[EXERCISE GOAL]
The result should be the full listing copied exactly, with no pictures in it.

[DATA EXTRACT]
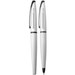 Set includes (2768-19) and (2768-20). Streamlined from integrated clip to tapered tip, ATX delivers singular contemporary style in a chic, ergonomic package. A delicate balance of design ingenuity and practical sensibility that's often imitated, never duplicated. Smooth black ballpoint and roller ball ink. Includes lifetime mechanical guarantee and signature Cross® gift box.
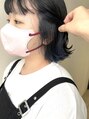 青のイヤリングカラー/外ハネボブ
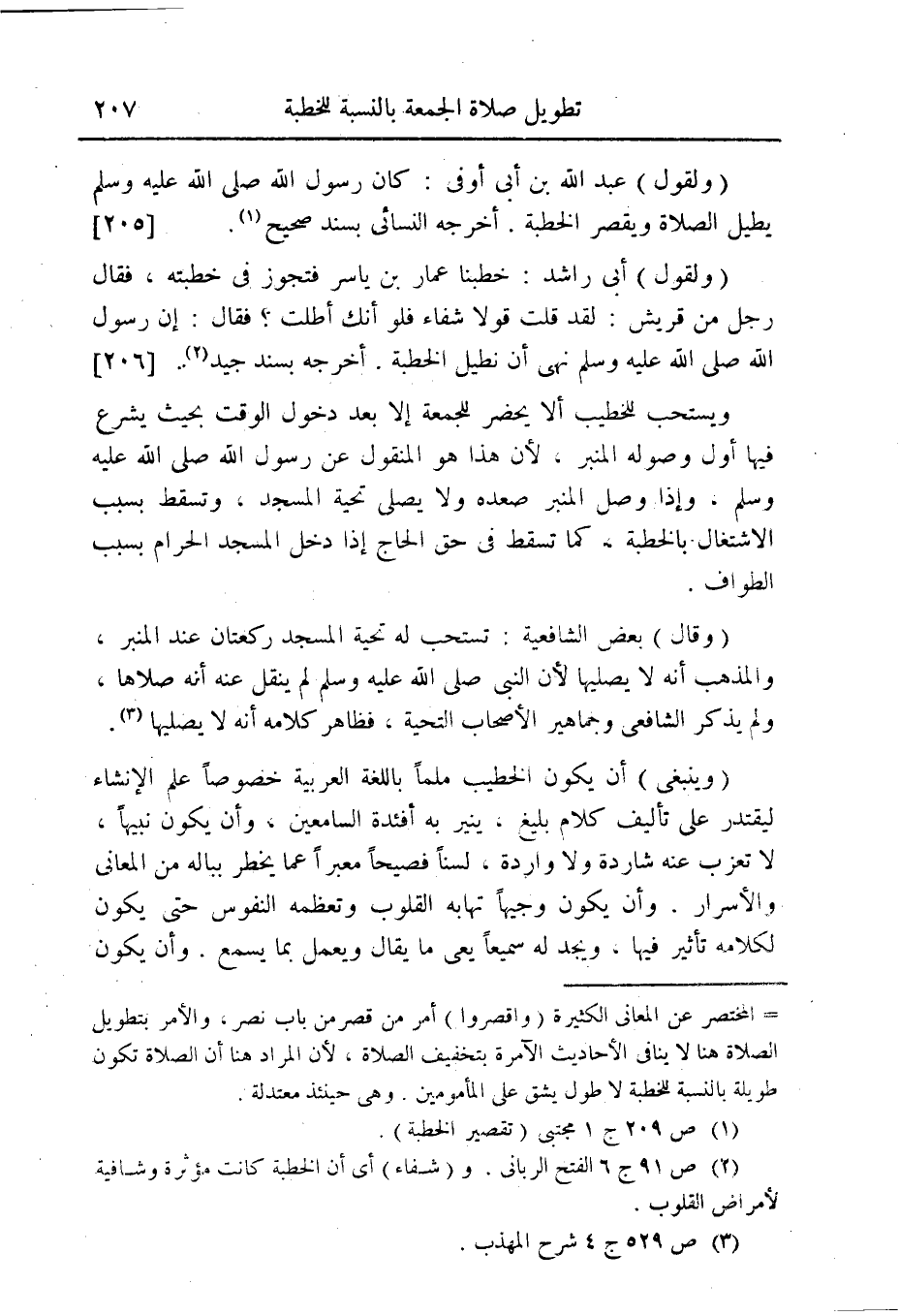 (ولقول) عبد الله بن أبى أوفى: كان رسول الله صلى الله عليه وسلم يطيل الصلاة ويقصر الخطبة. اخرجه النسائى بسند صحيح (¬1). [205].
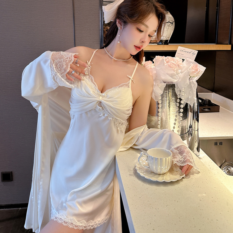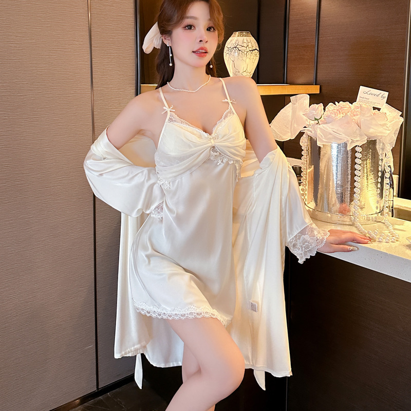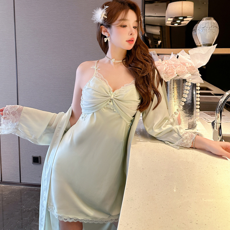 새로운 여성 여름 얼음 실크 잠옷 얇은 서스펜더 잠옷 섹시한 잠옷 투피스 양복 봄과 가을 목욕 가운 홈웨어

[RESPONSE AREA]
 Set includes (2768-19) and (2768-20). Streamlined from integrated clip to tapered tip, ATX delivers singular contemporary style in a chic, ergonomic package. A delicate balance of design ingenuity and practical sensibility that's often imitated, never duplicated. Smooth black ballpoint and roller ball ink. Includes lifetime mechanical guarantee and signature Cross® gift box.
 青のイヤリングカラー/外ハネボブ
 (ولقول) عبد الله بن أبى أوفى: كان رسول الله صلى الله عليه وسلم يطيل الصلاة ويقصر الخطبة. اخرجه النسائى بسند صحيح (¬1). [205].
 새로운 여성 여름 얼음 실크 잠옷 얇은 서스펜더 잠옷 섹시한 잠옷 투피스 양복 봄과 가을 목욕 가운 홈웨어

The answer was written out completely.